» **Collected data**
────
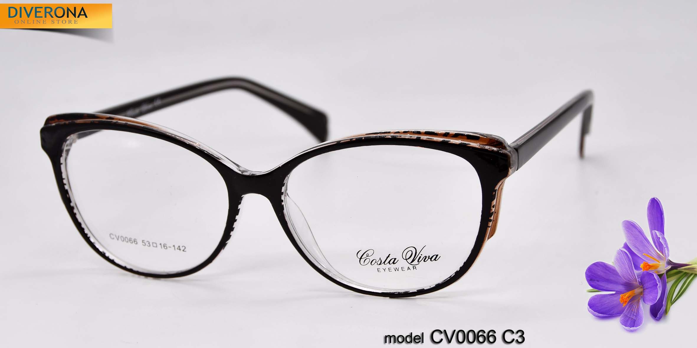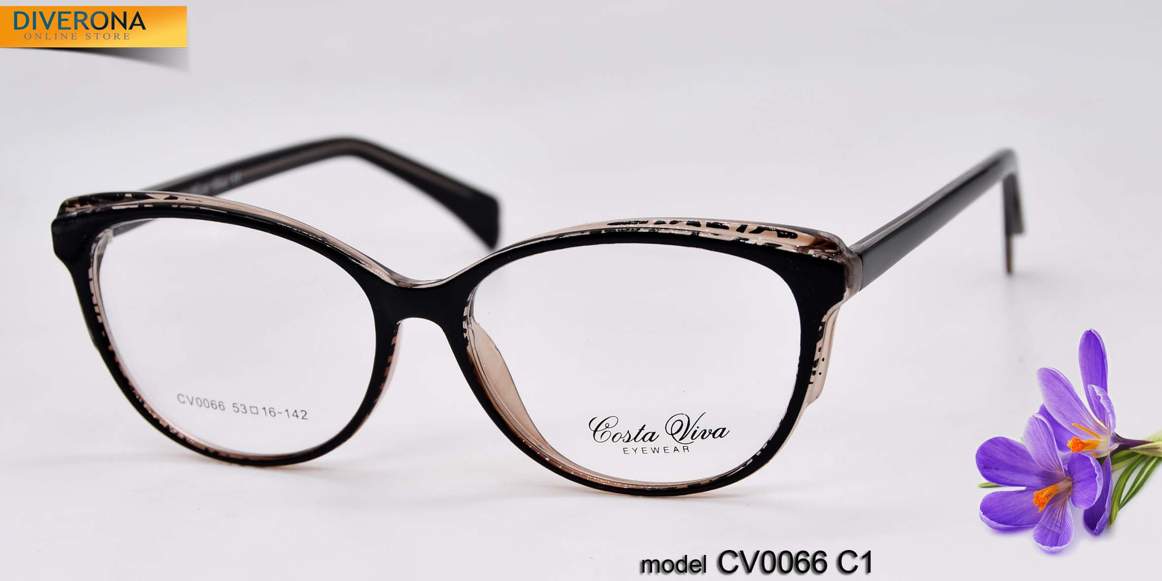 Plastic frames for glasses Costa Viva. The frames keep their shape well, at the same time are flexible. High quality. Frames have good tactile properties, resistant to damage, lightweight and hypoallergenic properties. Many models are decorated with rhinestones, have elegant temples and flex hinges. Fashionable design. This collection of frames of high quality, passes piece control. In our store goods in this category have a low price for wholesale. European Conformity.
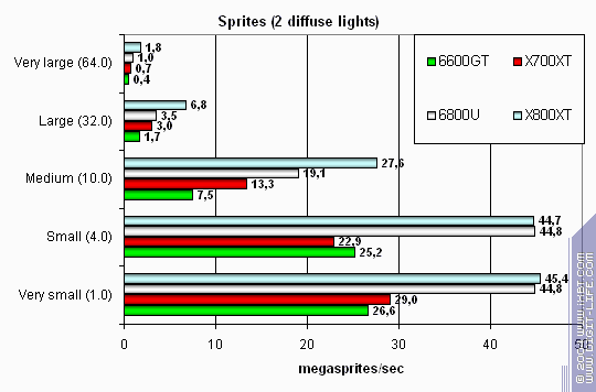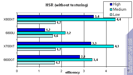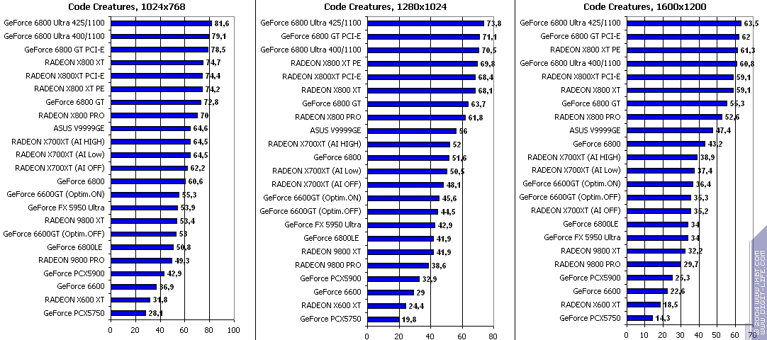 ЗДЕСЬ ДАЖЕ НЕЧЕГО РАССМАТРИВАТЬ раздельно! Полный провал X700XT по всем статьям! Очевидно, что игра не «поняла» новую карту (проверялось как на патче 1.1, так и на 1.2), и чего-то у нее не активизировалось, отсюда такое неслыханное просто поражение!
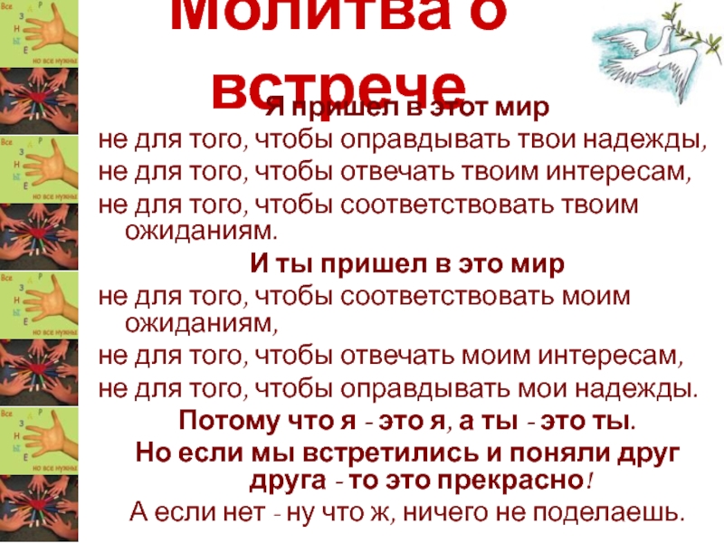 Молитва о встречеЯ пришел в этот мир не для того, чтобы оправдывать твои надежды,не для того, чтобы
────
» **Assigned task**
From the first line to the last, please copy the data exactly, with the pictures left out.

» **Result**
 Plastic frames for glasses Costa Viva. The frames keep their shape well, at the same time are flexible. High quality. Frames have good tactile properties, resistant to damage, lightweight and hypoallergenic properties. Many models are decorated with rhinestones, have elegant temples and flex hinges. Fashionable design. This collection of frames of high quality, passes piece control. In our store goods in this category have a low price for wholesale. European Conformity.
 ЗДЕСЬ ДАЖЕ НЕЧЕГО РАССМАТРИВАТЬ раздельно! Полный провал X700XT по всем статьям! Очевидно, что игра не «поняла» новую карту (проверялось как на патче 1.1, так и на 1.2), и чего-то у нее не активизировалось, отсюда такое неслыханное просто поражение!
 Молитва о встречеЯ пришел в этот мир не для того, чтобы оправдывать твои надежды,не для того, чтобы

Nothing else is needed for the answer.